• [WHAT TO DO]: Copy nothing but the lines below, from the one with "Like a piece" through the one with "Funto Watercolor Pad", exactly as written; no pictures should appear.

[TASK INPUT]

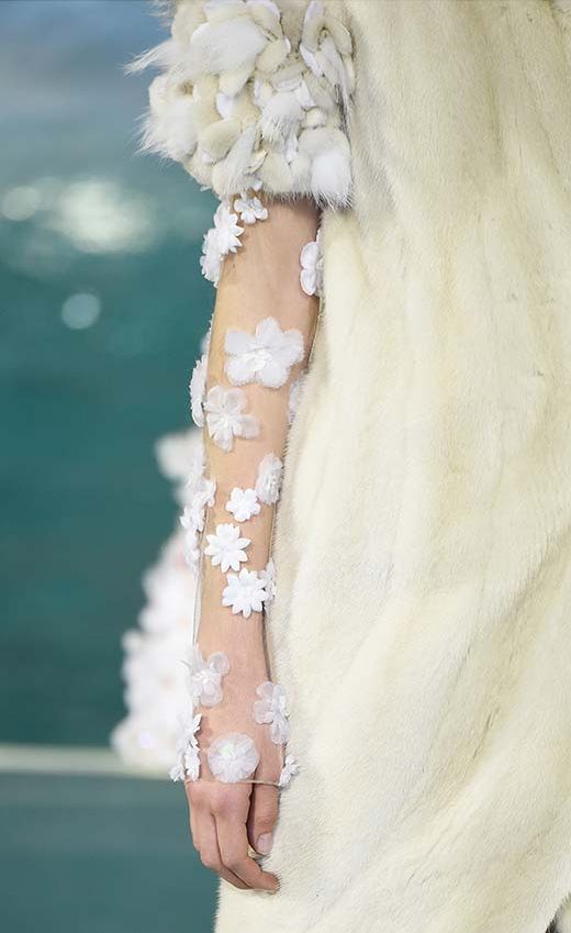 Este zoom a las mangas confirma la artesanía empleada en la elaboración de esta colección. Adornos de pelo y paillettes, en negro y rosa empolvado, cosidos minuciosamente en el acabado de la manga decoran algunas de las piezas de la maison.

[/TASK INPUT]
[TASK INPUT]

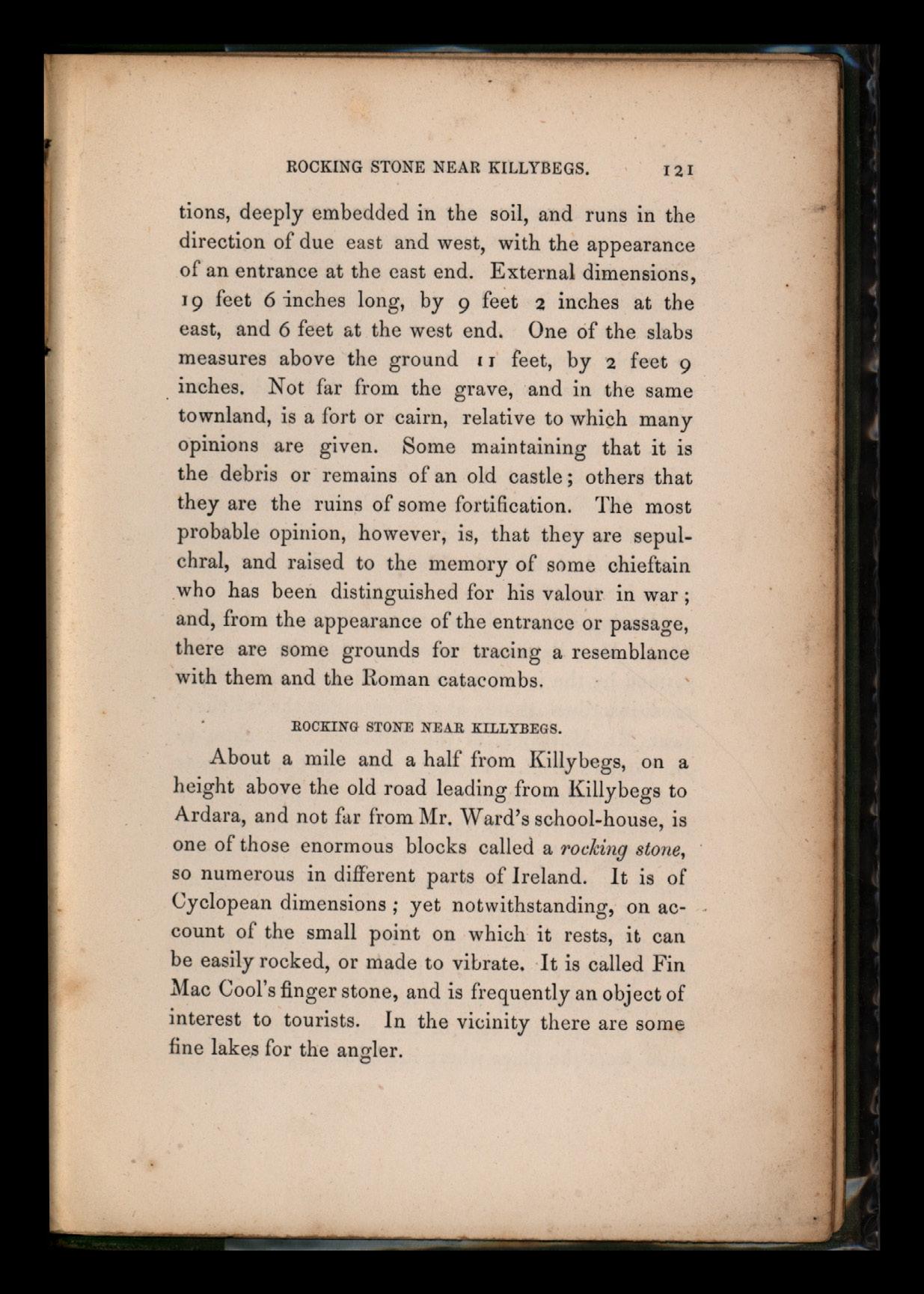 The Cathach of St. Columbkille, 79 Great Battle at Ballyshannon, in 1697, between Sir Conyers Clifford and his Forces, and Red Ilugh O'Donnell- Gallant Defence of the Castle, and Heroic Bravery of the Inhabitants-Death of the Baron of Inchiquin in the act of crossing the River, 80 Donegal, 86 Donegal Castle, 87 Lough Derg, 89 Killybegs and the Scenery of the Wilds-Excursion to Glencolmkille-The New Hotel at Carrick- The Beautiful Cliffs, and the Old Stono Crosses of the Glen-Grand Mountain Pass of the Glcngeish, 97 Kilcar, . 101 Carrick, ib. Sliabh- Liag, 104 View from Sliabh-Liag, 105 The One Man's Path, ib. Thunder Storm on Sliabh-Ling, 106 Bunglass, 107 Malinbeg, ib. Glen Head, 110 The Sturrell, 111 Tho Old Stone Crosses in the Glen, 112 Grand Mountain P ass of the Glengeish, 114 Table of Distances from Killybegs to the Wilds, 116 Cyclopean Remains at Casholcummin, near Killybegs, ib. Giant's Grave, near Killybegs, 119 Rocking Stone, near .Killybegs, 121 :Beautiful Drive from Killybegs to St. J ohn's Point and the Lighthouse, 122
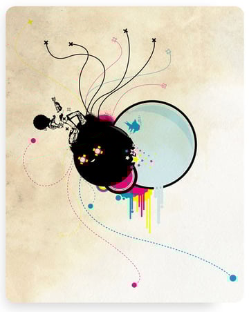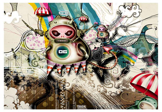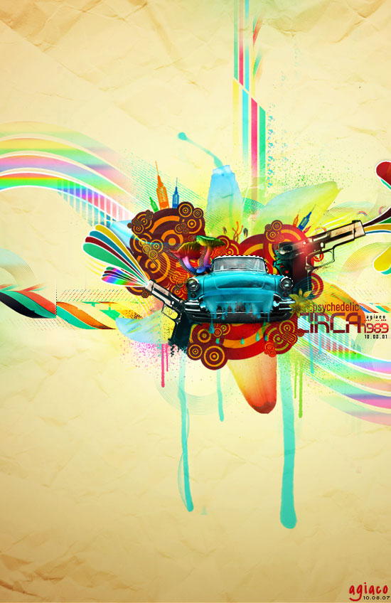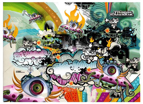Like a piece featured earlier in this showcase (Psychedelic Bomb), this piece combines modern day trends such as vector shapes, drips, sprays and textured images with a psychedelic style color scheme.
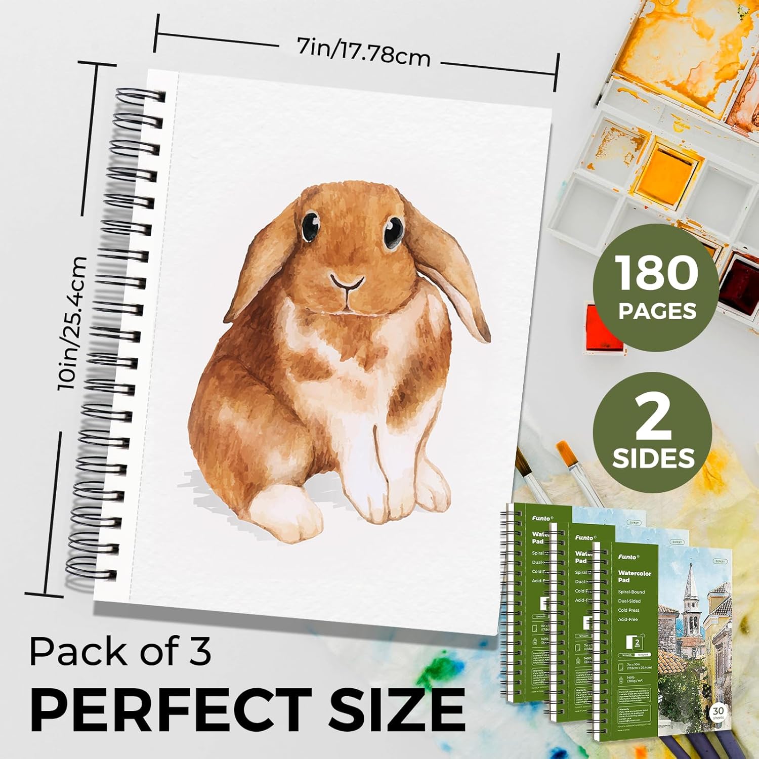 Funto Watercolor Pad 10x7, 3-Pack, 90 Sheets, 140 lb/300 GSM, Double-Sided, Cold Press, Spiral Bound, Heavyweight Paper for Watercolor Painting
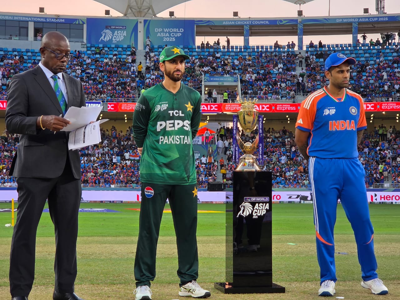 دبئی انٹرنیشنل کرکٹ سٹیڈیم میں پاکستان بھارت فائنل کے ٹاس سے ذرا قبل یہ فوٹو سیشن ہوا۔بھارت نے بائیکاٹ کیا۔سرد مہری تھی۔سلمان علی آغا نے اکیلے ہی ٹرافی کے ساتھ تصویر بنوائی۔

[/TASK INPUT]
[TASK INPUT]

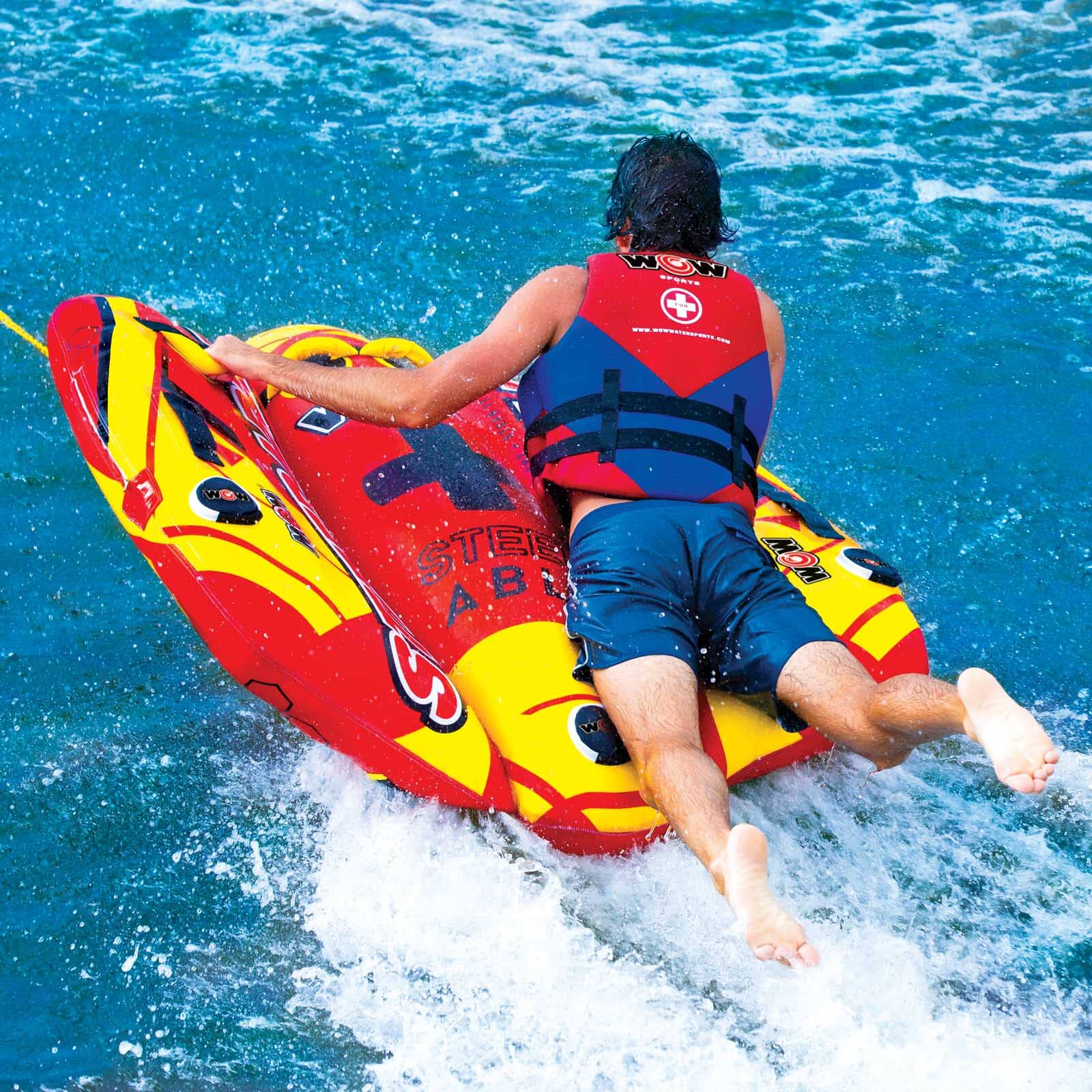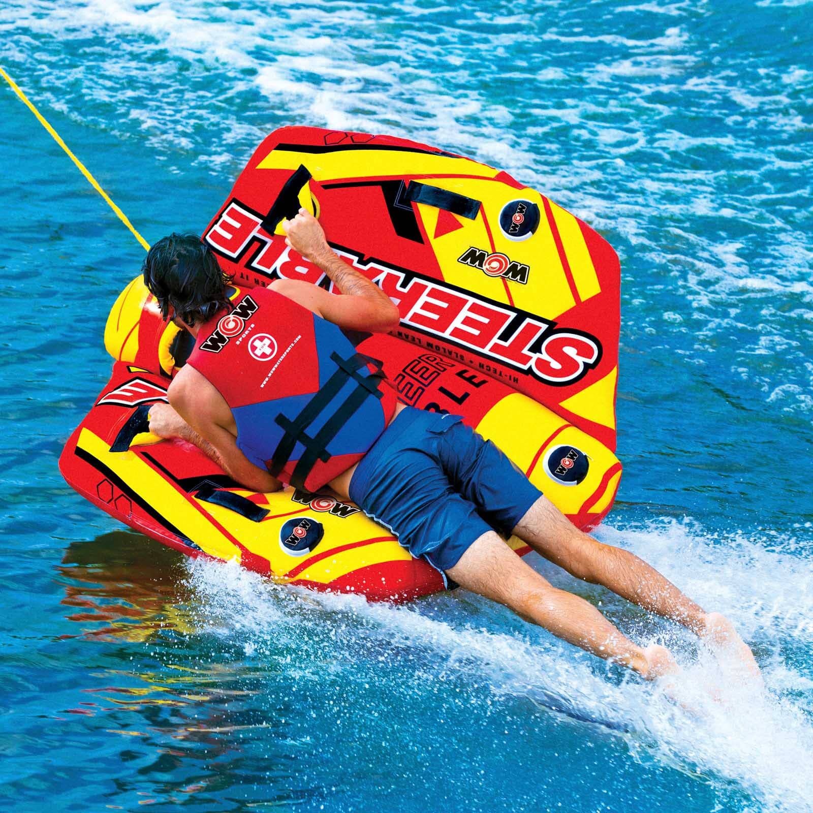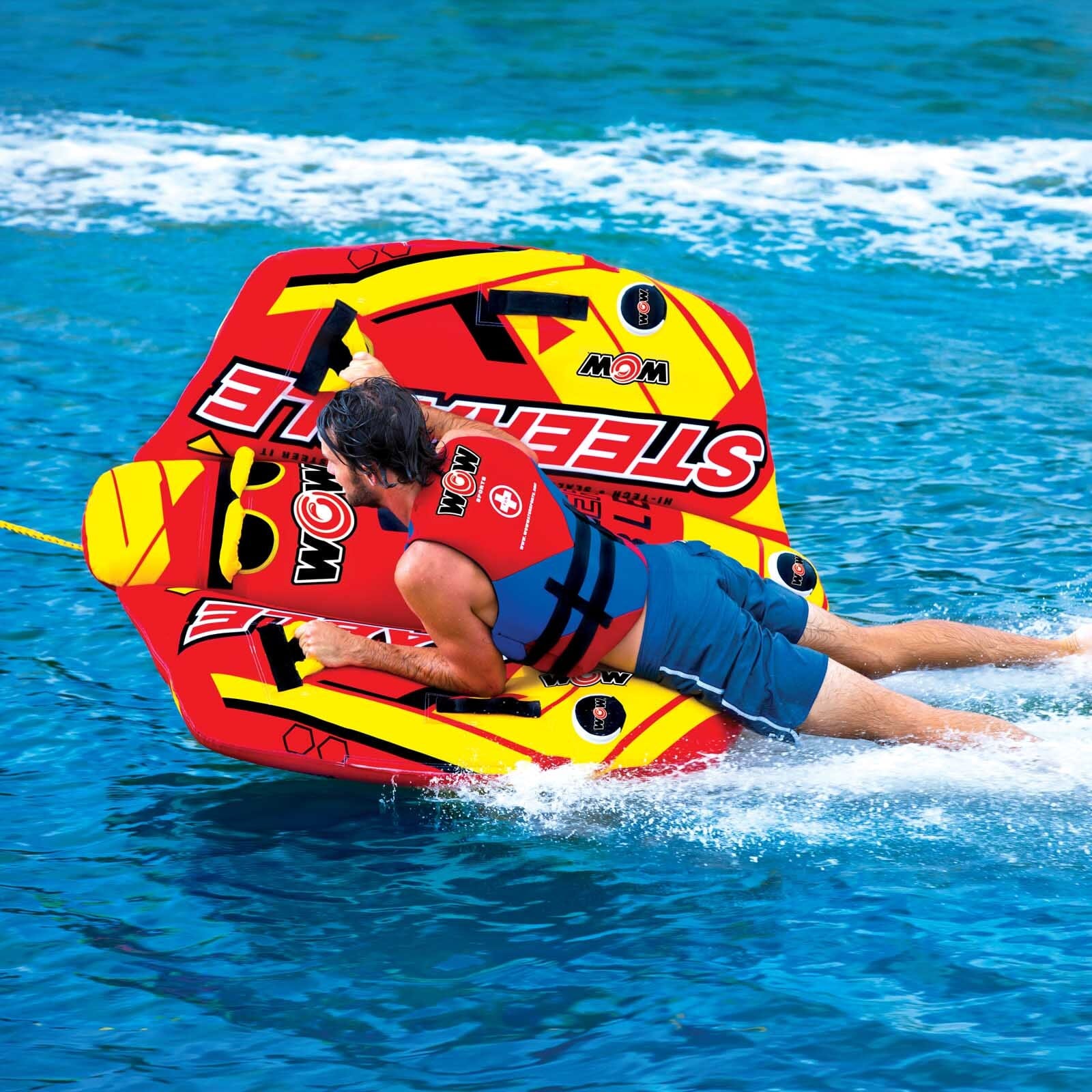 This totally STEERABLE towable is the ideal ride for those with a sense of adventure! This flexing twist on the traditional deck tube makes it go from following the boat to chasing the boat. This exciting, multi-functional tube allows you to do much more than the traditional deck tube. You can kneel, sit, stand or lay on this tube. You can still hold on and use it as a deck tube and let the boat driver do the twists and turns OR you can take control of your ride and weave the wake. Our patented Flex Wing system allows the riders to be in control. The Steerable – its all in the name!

[/TASK INPUT]

• [EXPECTED ANSWER]:
Like a piece featured earlier in this showcase (Psychedelic Bomb), this piece combines modern day trends such as vector shapes, drips, sprays and textured images with a psychedelic style color scheme.
 Funto Watercolor Pad 10x7, 3-Pack, 90 Sheets, 140 lb/300 GSM, Double-Sided, Cold Press, Spiral Bound, Heavyweight Paper for Watercolor Painting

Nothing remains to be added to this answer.